# Is Water A Good Thing?



## robgouldjr (Jul 13, 2017)

Hello All,

Some other questions for you kind folks. So I have seen some videos, read a little bit, and just curious if you guys use water pans in your offset smokers? If so, where is your placement for the water pan? I have seen some place theirs in the FB, and others in the CC. Also, what is the purpose of using a water pan? And, are there alternatives to using water pans? I ask because in another post I read someone stated that they used sand. And was just curious if these methods add any quality to the smoke? Does it help render fat better during the smoking process, or is it primarily used as a type of temp control?

Regards,

Rob in Frisco


----------



## phatbac (Jul 13, 2017)

A water pan to is used as a heat shield. when i had a cheaper offset (char broil 1280) i used a couple cake pans full of playground sand. did the same thing absorbed the heat better that come directly from the FB. if i used water then it would boil off and i would have to use more. the steam isn't a good thing either (despite what people say). it can cause creosote production (the black stuff flakes on food) in any smoker you just want to have even heat and not big temp spike throughout the cook. a water pan in a WSM or an offset can do this. if you have a baffle plate its not as necessary in an offset esp a Reverse flow. But i have an RF with a baffle and i still see 20-25 degree difference in different parts the of the cook chamber. I could mitigate this with a water pan or pan of sand but i am just used to where the hotter part of the smoker is and how to manage my temps by learning my smoker.

Hope this helps,

phatbac (Aaron)


----------



## robgouldjr (Jul 13, 2017)

So my question then is, would you place the sand/water in the fire box, or the cook chamber? And I am still learning my smoker as well, just curious as to whether or not this is more of a preference or whether it actually aids in the cooking process. Thank you!

Rob in Frisco


----------



## sqwib (Jul 13, 2017)

I place a water pan on my reverse flow plate under my Butts/picnics.
I'll monitor the evaporation and let most of the water cook off, the end result is awesome drippings to make a finishing sauce.
On a side note it helps keep the pit clean, but that's not the reason I use water pans.


----------



## SmokinAl (Jul 14, 2017)

I put a water pan in my RF on the grate next to the firebox.

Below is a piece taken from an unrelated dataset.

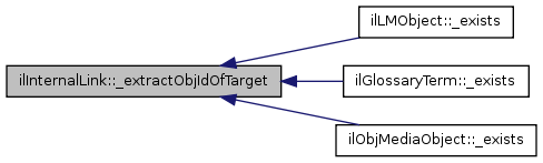 Here is the caller graph for this function:| ilInternalLink::_extractObjIdOfTarget | ( | $ | a_target | ) |

It keeps the temp even across the smoker.

Never have a problem with creosote.

Al


----------



## jokensmoken (Jul 14, 2017)

The water pan has a dual purpose.  It serves as a heat sink to regulate temps and acts as a heat shield on vertical smokers like a WSM or other smokers where the heat source is directly under the meat.
Adding moisture to the cook chamber really isn't necessary so sand, lava rock or even ceramic briquettes are often used in place of water...anything with reasonable mass that fits and will withstand and hold heat.
On my Okie Joe stick burner my heat sink is in the cook chamber. I use red clay building bricks wrapped in foil set on my tuning plates under the grate...I use four...
One right near the fire box one in the center and two near the far end (the cooler end) ...my temps recover much quicker now when someone inevitably "peeks".
If you've got a higher end offset, one built out of heavier steel or have or have added heavier steel tuning plates the added heat sink becomes less necessary...the smoker and tuning plates become their own heat sink.

Walt.


----------



## banderson7474 (Jun 26, 2018)

I've never used a water pan in my OK Joe, I have used a pan to collect juices from pork butts though....that is angel nectar!!


----------



## SmokinLogs (Jul 3, 2018)

Ive always been taught and have seen myself that using a water pan will help keep the surface of the meat moist which helps it to absorb more delicious smoke. To me, that is one of the most important things to smoking meat; good smoke penetration, plus it serves its purpose as a drip pan and a heat shield. I don’t see how it could be a bad thing. I’ve never had any issues with creosote. It’s an inexpensive mod as well. You can pick up some cheap aluminum foil pans or a cake pan. Whatever fits best in your pit. I put mine right on top of my reverse flow plate, and usually right under my meat. Hope this helps!
-KEEP ON SMOKIN’


----------